Dos singularidades de la poesía de Padeletti: un esmerado ejercicio del intelecto administrado por la sensualidad (una lucidez extrema que no es contradictoria con el deleite verbal) y un titilante juego de síntesis y excesos: la condensación poundiana de la mayor cantidad de significación posible en la menor cantidad de palabras, alternando con digresiones y volutas que colorean y airean el pensamiento. Lo que más impresiona, sin embargo, es el repertorio de recursos: versos breves sometidos a una métrica sui generis, disposición gráfica con un alto valor significante y rítmico para los espacios en blanco, profusión de referencias culturales y de observaciones de lo cotidiano, citas (no pocas en latín y otros idiomas), coexistencia del vuelo lírico y de lo prosaico, de la imagen y del concepto.
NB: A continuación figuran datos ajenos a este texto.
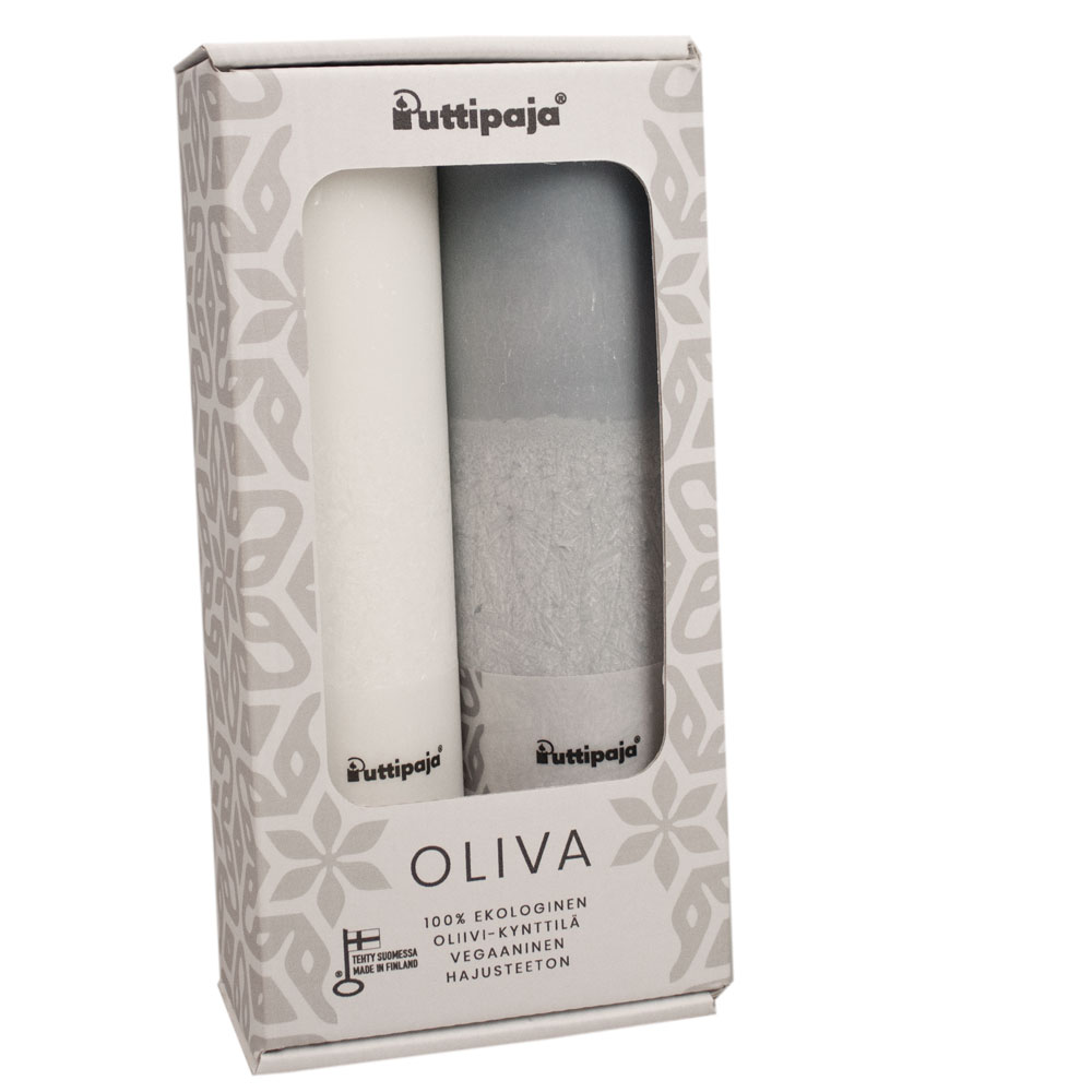 Ihana joululahja tai muu vieminen mihin vuoden aikaan tahanasa. Pakkaus sisältää kaksi Oliva-kynttilää.

Y la abundancia de complejos mecanismos de rimas y otras sorprendentes o divertidas afinidades sonoras entre las palabras: “El tema es secundario; // si consiste,/ significa y persiste:/ arboladura/ de bajel,/ bajío/ o arboleda de un cuadro.”
Místico. Experiencia de lo sagrado que en el budismo zen resulta de un “aquí y ahora absoluto”: en ese sentido se consideraba místico Padeletti. “Y la delicia/ sin residuo/ de estar presente”, dice en un tramo el poema “Atención”, y en otro admira la “opulencia” que una manzana despliega “por ser así: / manzana,/ y no la nada”. “Ama la existencia de la cosa más que a la cosa misma, y tu propia existencia más que a ti mismo”, escribió, hace casi un siglo, Osip Mandelstam, y lo podría haber firmado Padeletti. Es “la pasión delicada aunque firme de lo real, el enigma sereno de las cosas” que en la solapa de Poemas 1960/1980 celebra Juan José Saer, y es interesante advertir, a propósito de Saer, que la empresa de Padeletti empieza en donde la de Glosa o Nadie nada nunca se detiene. Lo que en uno es ir a la captura de lo real sabiendo que no se podrá, en el otro se asemeja a la serenidad humilde y astuta de quien entiende que, si lo real no es traducible en palabras, ya no se trata de captarlo sino de cantarlo. Cantar es entonces pensar, y viceversa. A veces con una sonrisa irónica o traviesa, a veces con un matiz de fastidio o un dejo de franqueza cercano a la impertinencia, cortés siempre, esta poesía pone en evidencia la belleza y la gracia que puede tener la tarea de pensar, y el lector es invitado a recorrer la trayectoria de un pensamiento disfrutando el privilegio de sentir su propia inteligencia en acción y al unísono con su sensibilidad,.
Muerte. “Me voy, / el polvo de oro/ es mugre envanecida// que, con brillo prestado, / miente lujo. / Cercado/ por la sombra,/ cruzado/ por un tajo,// en mortaja/ de sangre/ me arrebujo”. A partir de Canción de viejo (2003), aunque algo de eso asomaba en Parlamentos del viento (1989), se irá haciendo algo más grave y apretada la poesía de Padeletti, perderá algo de su cantarina y aérea ligereza, se hace más nítido en el horizonte lo que llama “el tiempo de la siega”, aparecen cada vez más palabras como “ceniza”, “dolor”, “sombra”, “exangüe”. Puesto a escribir a partir de los movimientos mentales que suscita el preguntarse por el envejecimiento y la muerte, es muy propio del pensamiento de Padeletti que, en vez de rehuir esa conmoción, la incorpore: el estremecimiento de saber que uno envejece y va a morir forma parte del sutilísimo trabajo de reflexión que anima esta poesía. En Osaturas, a su vez, de 2014, en las menciones al hueso o lo óseo, a lápidas o a hedor, o en la advertencia “ya no habrá”, gana espacio la conciencia de la fugacidad, del sujeto que habla en el poema y de todo, no como lamento, sin embargo, o desolación, sino como asumiendo lo que es tal como es, y hasta como un canto a la fugacidad. Se trata de que, dentro del juego de la existencia del que forman parte, la muerte o la decadencia sean asumidas, sabiamente. Tal vez pueda ser vista de ese modo la muerte del hombre que se llamó Hugo Padeletti: Me voy, / estoy vaciado// como urna volcada/ donde hubo todo/ y nada.// Me voy,/ que nadie llore,/ que en la arena del circo me evapore”.